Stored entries
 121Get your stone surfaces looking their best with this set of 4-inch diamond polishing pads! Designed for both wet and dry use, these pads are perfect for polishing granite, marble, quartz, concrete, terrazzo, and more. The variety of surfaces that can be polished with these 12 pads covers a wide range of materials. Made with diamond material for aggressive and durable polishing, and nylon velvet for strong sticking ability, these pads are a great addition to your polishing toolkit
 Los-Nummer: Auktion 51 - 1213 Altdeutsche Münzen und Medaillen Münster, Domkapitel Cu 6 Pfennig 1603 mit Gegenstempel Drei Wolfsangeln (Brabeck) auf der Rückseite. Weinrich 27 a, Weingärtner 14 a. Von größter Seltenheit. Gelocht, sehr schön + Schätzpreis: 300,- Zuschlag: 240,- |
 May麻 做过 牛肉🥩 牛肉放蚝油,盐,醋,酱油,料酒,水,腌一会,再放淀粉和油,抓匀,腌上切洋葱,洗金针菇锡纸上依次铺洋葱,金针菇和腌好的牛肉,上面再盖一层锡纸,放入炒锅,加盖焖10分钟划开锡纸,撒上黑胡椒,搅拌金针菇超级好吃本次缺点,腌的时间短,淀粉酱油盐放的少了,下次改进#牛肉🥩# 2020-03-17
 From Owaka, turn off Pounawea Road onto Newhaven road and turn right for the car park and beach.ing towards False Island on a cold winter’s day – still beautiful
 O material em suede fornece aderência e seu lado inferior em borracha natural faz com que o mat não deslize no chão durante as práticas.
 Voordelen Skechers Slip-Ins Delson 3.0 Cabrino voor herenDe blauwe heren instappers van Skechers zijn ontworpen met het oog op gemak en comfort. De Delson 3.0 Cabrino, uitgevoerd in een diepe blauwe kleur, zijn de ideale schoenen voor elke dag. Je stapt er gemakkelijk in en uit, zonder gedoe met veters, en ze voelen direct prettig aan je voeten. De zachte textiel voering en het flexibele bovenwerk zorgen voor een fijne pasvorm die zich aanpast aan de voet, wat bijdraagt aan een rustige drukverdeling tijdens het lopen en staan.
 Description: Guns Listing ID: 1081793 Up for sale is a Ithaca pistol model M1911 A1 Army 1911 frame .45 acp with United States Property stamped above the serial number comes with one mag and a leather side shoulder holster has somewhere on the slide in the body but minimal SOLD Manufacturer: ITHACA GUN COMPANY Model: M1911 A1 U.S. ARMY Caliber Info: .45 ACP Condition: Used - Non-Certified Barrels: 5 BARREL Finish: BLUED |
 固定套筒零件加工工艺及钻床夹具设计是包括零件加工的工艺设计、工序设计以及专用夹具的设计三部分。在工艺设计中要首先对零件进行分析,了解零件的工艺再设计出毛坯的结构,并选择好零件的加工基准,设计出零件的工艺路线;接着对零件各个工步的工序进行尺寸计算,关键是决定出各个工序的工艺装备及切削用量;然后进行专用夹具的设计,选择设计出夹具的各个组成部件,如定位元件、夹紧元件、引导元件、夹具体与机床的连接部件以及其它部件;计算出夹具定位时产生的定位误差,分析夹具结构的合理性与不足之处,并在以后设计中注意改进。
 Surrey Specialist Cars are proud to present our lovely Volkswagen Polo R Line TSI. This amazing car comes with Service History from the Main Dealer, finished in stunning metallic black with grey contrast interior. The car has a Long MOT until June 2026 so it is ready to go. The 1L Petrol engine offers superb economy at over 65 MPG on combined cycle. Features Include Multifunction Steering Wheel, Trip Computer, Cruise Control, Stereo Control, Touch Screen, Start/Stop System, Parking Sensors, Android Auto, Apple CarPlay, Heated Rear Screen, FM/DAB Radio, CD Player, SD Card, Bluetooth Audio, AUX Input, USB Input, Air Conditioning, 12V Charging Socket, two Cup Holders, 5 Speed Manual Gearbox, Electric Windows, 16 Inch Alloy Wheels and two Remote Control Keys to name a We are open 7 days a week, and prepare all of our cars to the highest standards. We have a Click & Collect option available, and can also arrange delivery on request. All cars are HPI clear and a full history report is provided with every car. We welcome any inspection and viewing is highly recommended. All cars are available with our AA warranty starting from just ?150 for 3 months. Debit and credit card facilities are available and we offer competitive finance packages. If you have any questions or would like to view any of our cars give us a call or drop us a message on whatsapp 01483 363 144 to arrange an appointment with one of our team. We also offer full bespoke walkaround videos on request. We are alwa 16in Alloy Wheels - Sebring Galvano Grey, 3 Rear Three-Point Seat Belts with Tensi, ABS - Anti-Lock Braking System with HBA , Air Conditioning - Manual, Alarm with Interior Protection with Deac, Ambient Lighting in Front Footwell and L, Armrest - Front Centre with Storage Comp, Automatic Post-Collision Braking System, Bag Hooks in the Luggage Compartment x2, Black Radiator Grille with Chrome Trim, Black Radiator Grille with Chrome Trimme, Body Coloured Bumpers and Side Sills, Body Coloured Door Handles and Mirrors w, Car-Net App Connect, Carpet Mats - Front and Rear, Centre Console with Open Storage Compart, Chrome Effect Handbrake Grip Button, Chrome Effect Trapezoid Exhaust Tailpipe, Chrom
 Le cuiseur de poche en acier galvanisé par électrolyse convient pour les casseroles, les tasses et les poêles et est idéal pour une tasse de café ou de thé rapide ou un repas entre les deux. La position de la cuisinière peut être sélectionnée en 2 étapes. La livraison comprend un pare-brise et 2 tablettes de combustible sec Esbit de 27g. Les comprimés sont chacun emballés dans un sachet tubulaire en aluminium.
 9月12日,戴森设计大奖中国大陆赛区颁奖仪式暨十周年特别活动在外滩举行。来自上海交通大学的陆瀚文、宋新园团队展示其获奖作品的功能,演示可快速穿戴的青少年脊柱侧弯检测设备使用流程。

## [Work instruction]
Start with the line above that contains "Los-Nummer: Auktion 51" and end with the line that contains "O material em". Write out those lines exactly, and only those.

## [Response to this task]
 Los-Nummer: Auktion 51 - 1213 Altdeutsche Münzen und Medaillen Münster, Domkapitel Cu 6 Pfennig 1603 mit Gegenstempel Drei Wolfsangeln (Brabeck) auf der Rückseite. Weinrich 27 a, Weingärtner 14 a. Von größter Seltenheit. Gelocht, sehr schön + Schätzpreis: 300,- Zuschlag: 240,- |
 May麻 做过 牛肉🥩 牛肉放蚝油,盐,醋,酱油,料酒,水,腌一会,再放淀粉和油,抓匀,腌上切洋葱,洗金针菇锡纸上依次铺洋葱,金针菇和腌好的牛肉,上面再盖一层锡纸,放入炒锅,加盖焖10分钟划开锡纸,撒上黑胡椒,搅拌金针菇超级好吃本次缺点,腌的时间短,淀粉酱油盐放的少了,下次改进#牛肉🥩# 2020-03-17
 From Owaka, turn off Pounawea Road onto Newhaven road and turn right for the car park and beach.ing towards False Island on a cold winter’s day – still beautiful
 O material em suede fornece aderência e seu lado inferior em borracha natural faz com que o mat não deslize no chão durante as práticas.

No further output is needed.